Use code generation models when your review finding warrants a concrete code
example — a suggested fix, a refactored alternative, or an idiomatic replacement.
For findings that are purely analytical (architectural concerns, design feedback),
stick with reasoning or balanced models instead.
Use deep reasoning models for:
- **Architectural analysis**: How changes affect the broader codebase structure,
dependency patterns, separation of concerns
- **Security review**: Authentication, authorization, injection vulnerabilities,
cryptographic usage, secrets handling
- **Concurrency and state**: Race conditions, deadlocks, shared mutable state,
transaction boundaries
- **Complex algorithms**: Mathematical correctness, edge cases in complex logic,
performance characteristics
- **Systems code**: Rust, C, C++ — memory management, lifetime issues, unsafe blocks
## Language and Framework Considerations
Some languages and domains benefit from specific models:
- **Rust / C / C++**: Memory safety, lifetimes, undefined behavior — use
`anthropic/claude-opus-4-6` or `openai/o3` for their strong reasoning about resource management.

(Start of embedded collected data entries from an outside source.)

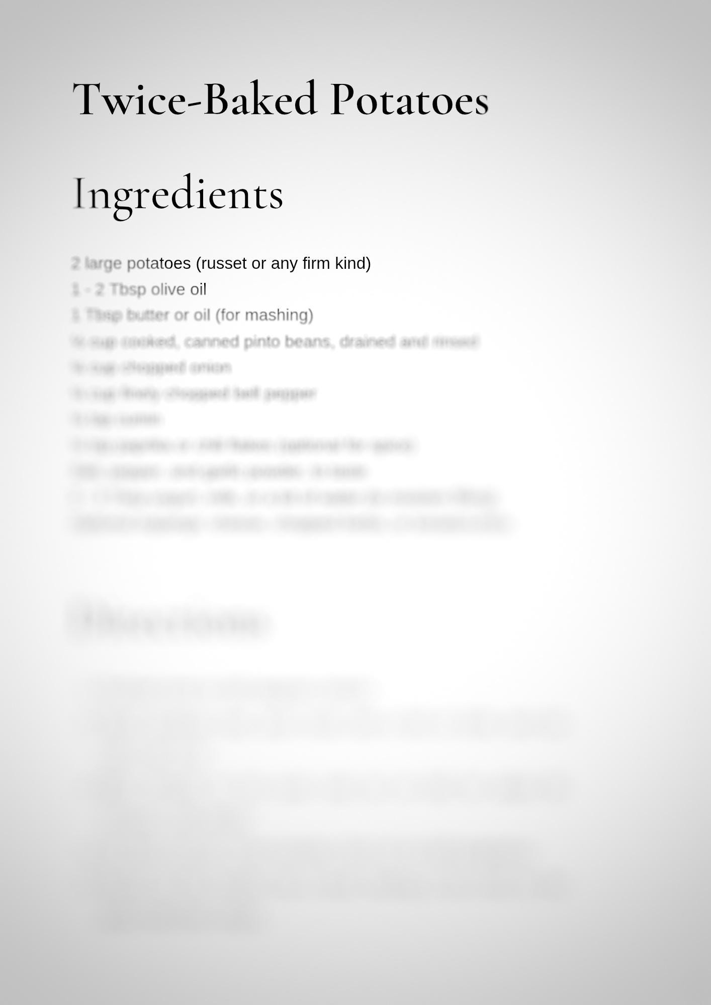 • One recipe per page
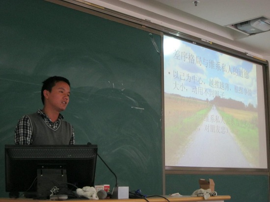 首先,三位同学分享了阅读《乡土中国》、《中国历代政治得失》和《史记》这三本经典著作的心得体会。其中,陈跃跃以“乡土中国的变迁”为题,结合自己的乡村生活经验对《乡土中国》一书进行了细致解析,并对书中的几个抽象概念,如“差序格局”、“血缘”、“地缘”等进行了生动诠释,也把该书与学校正在进行的“千人百村”社会调研活动相结合,强调了进行乡土实践的重要性。
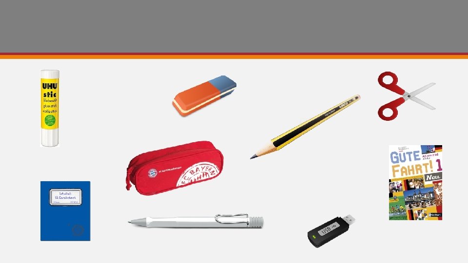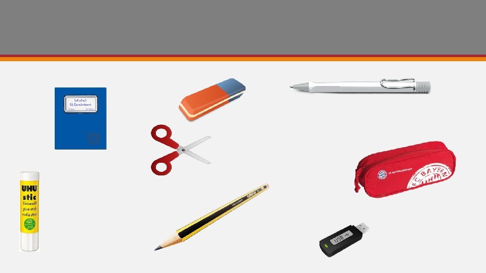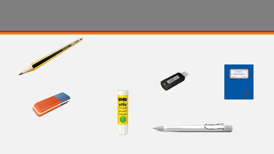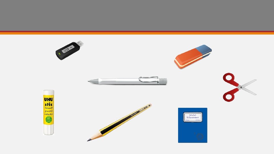 der Kuli das Lineal der Bleistift der Radiergummi das Buch das Heft die Schere das Mäppchen der Kleber der Marker der USB-Stick das Tablet
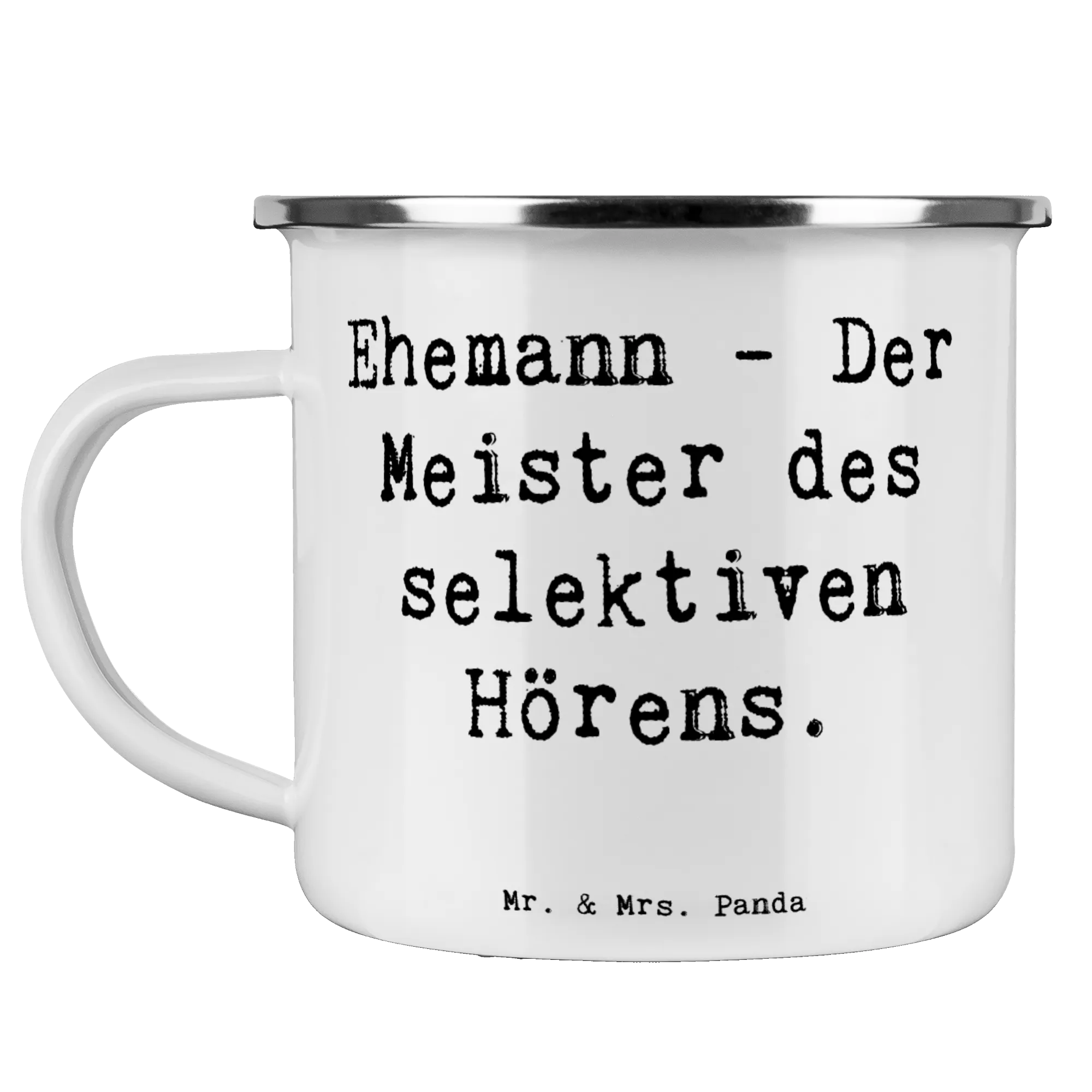 Enamel camping mug Saying Ehemann. Der Meister des selektiven Hörens. – Mr. & Mrs. Panda

`xai/grok-code-fast-1` is also worth considering for Rust-specific patterns.
- **TypeScript / JavaScript / React**: Most models handle well. `anthropic/claude-sonnet-4-5`
or `google/gemini-2.5-pro` are strong defaults. For complex state management (Redux,
hooks, async flows), use reasoning models.
- **Python**: Most models handle well. For ML/data pipeline code, `google/gemini-2.5-pro`
with thinking is strong given its deep Python training data.
- **SQL / database migrations**: Schema changes and data integrity — `openai/o3` is
strong at reasoning about relational constraints and migration ordering.
- **Infrastructure / IaC**: Terraform, CloudFormation, Kubernetes — security
implications benefit from `anthropic/claude-opus-4-6` or `openai/o3` for their security reasoning.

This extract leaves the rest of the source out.